Over Writing weights of a pre-trained network like alexnet

Mujtaba · January 5, 2018, 3:34pm

Hi Guys,
We can extract weights of a pre-trained network in the following ways:

model = models.alexnet(pretrained=True)
param = model.parameters()

weights_conv1 = next(param)
bias_conv1 = next(param)

OR

weights_conv1 = list(list(model.features.children())[0].parameters())[0]
bias_conv1 = list(list(model.features.children())[0].parameters())[1]

OR

value = model.state_dict()
weights_conv1 = value['features.0.weights']
bias_conv1 = value['features.0.bias']

OR

weights_conv1 = model.state_dict()['features.0.weights']
bias_conv1 =  model.state_dict()['features.0.bias']

My question here is that can we overwrite these weights/biases like:

model.state_dict()['features.0.bias'] = Variable(torch.randn(64))

OR

list(list(model.features.children())[0].parameters())[1] = Variable(torch.randn(64))

???
I am trying this but its not working. is there any other method for this???
Actually i want to provide the weights by myself and don’t allow model to learn them by back propagation.

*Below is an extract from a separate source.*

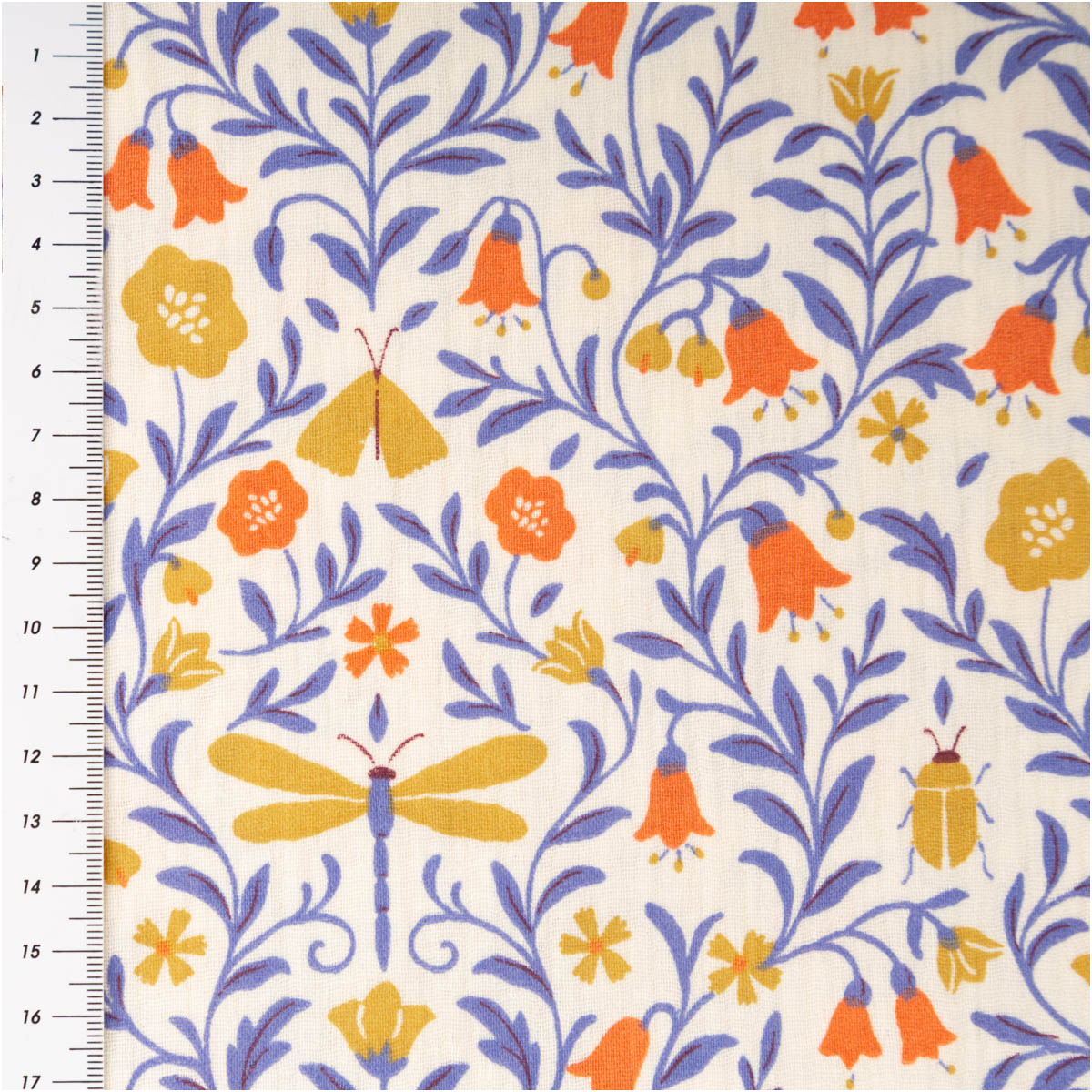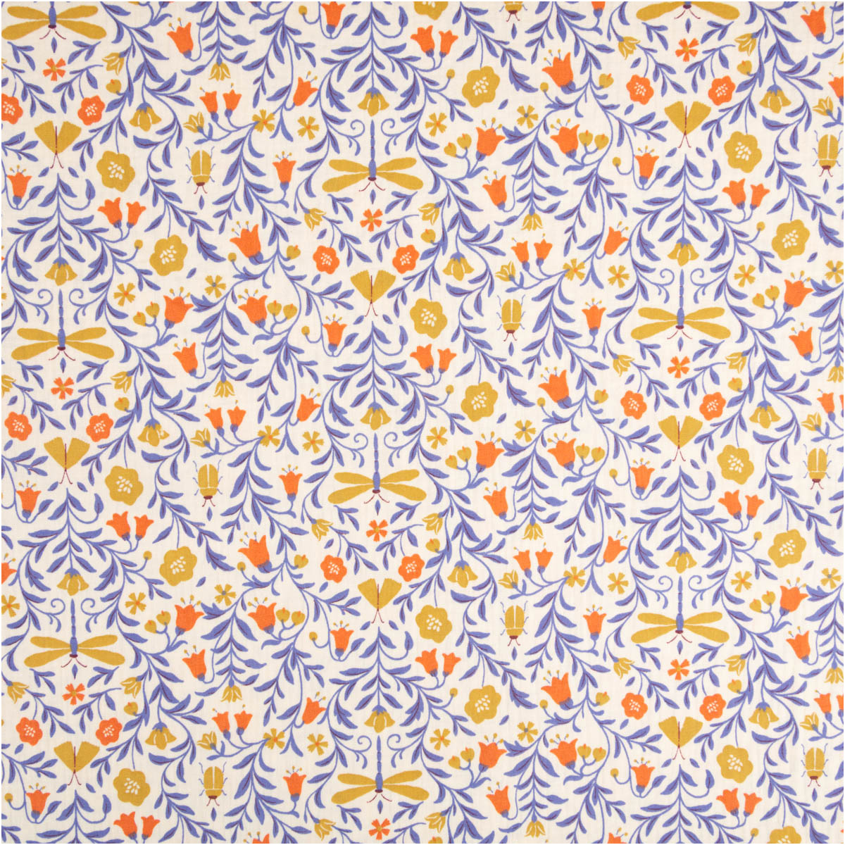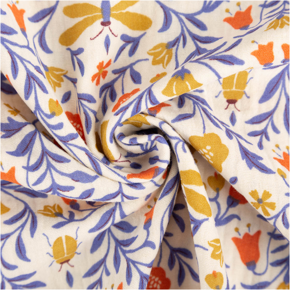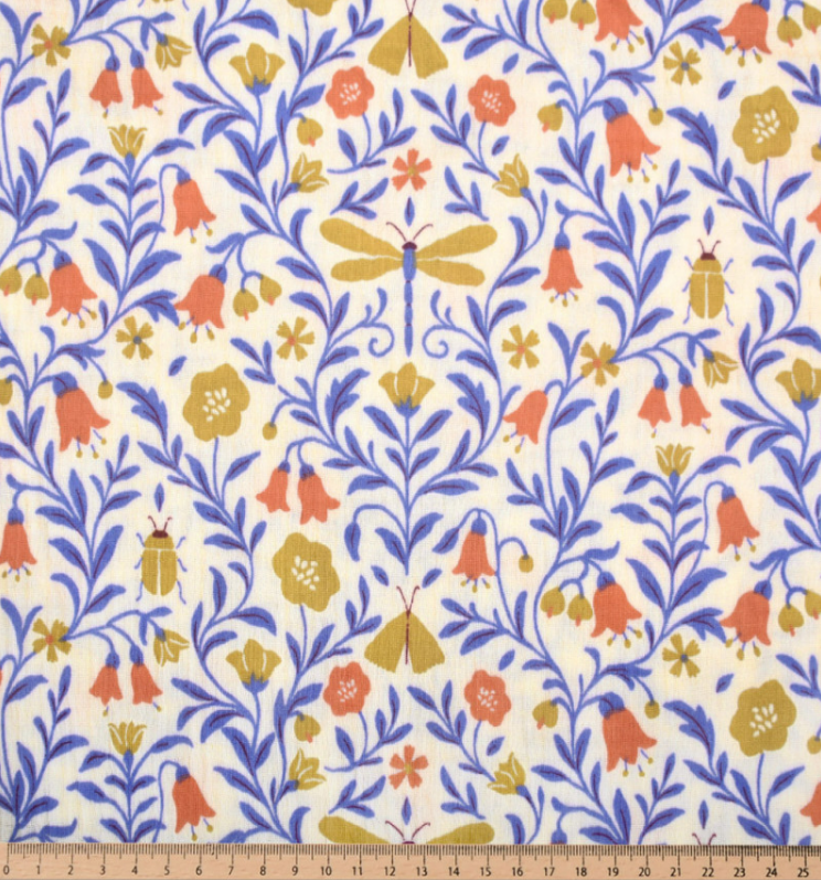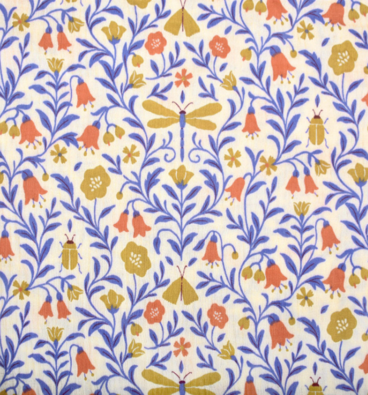 Musselin Stoff aus Baumwolle mit Blumenranken, Schmetterlingen und Käfern in Ecru, Blau und Gelb

smth · January 11, 2018, 2:00pm

What you need to do is:

state_dict = model.state_dict()
fbias = state_dict["features.0.bias"]
state_dict["features.0.bias"] = Variable(fbias.data.new(64).normal_()) # make a random tensor of same type and device as original
model.load_state_dict(state_dict)

tor · July 6, 2018, 8:33am

Which one is the best practice between above and this?
So far, I observe both are the same, but I am afraid there is a catch.

state_dict = model.state_dict()
fbias = state_dict["features.0.bias"]

# approach 1: from above
state_dict["features.0.bias"] = Variable(fbias.data.new(64).normal_()) 
model.load_state_dict(state_dict)

# approach 2: from https://stackoverflow.com/questions/49446785/how-can-i-update-the-parameters-of-a-neural-network-in-pytorch
state_dict["features.0.bias"].copy_( Variable(fbias.data.new(64).normal_()) )

Thank you.

smth · July 6, 2018, 12:36pm

The copy is probably slightly nicer. If state_dict["features.0.bias"] is sharing storage with something else, then the copy makes sure that the sharing is preserved. (for example, if features.0.bias is a view of another Tensor).